When you reach the line containing "027 Passau, Oberhaus" in the records below, start copying exactly, and stop once you have copied the line containing "市街地から山の方の入って行き、田舎道を通り、やさと温泉「ゆりの郷」に到着。".

Records for the task
-------------------------

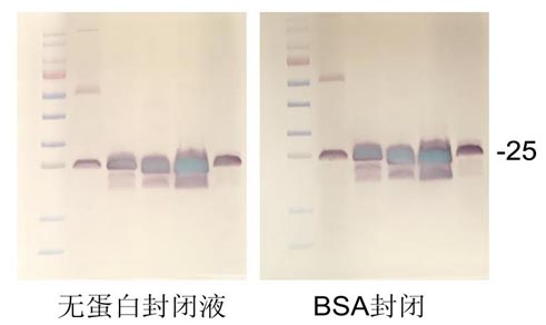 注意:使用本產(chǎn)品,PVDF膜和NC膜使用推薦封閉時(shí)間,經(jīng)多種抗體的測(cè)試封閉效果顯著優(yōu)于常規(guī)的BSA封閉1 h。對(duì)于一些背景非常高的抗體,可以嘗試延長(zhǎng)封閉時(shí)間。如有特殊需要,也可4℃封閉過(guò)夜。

-------------------------

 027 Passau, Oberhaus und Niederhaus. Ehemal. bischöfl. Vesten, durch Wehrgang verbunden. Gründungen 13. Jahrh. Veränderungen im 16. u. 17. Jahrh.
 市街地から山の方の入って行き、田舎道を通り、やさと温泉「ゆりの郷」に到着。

-------------------------

Task response
 027 Passau, Oberhaus und Niederhaus. Ehemal. bischöfl. Vesten, durch Wehrgang verbunden. Gründungen 13. Jahrh. Veränderungen im 16. u. 17. Jahrh.
 市街地から山の方の入って行き、田舎道を通り、やさと温泉「ゆりの郷」に到着。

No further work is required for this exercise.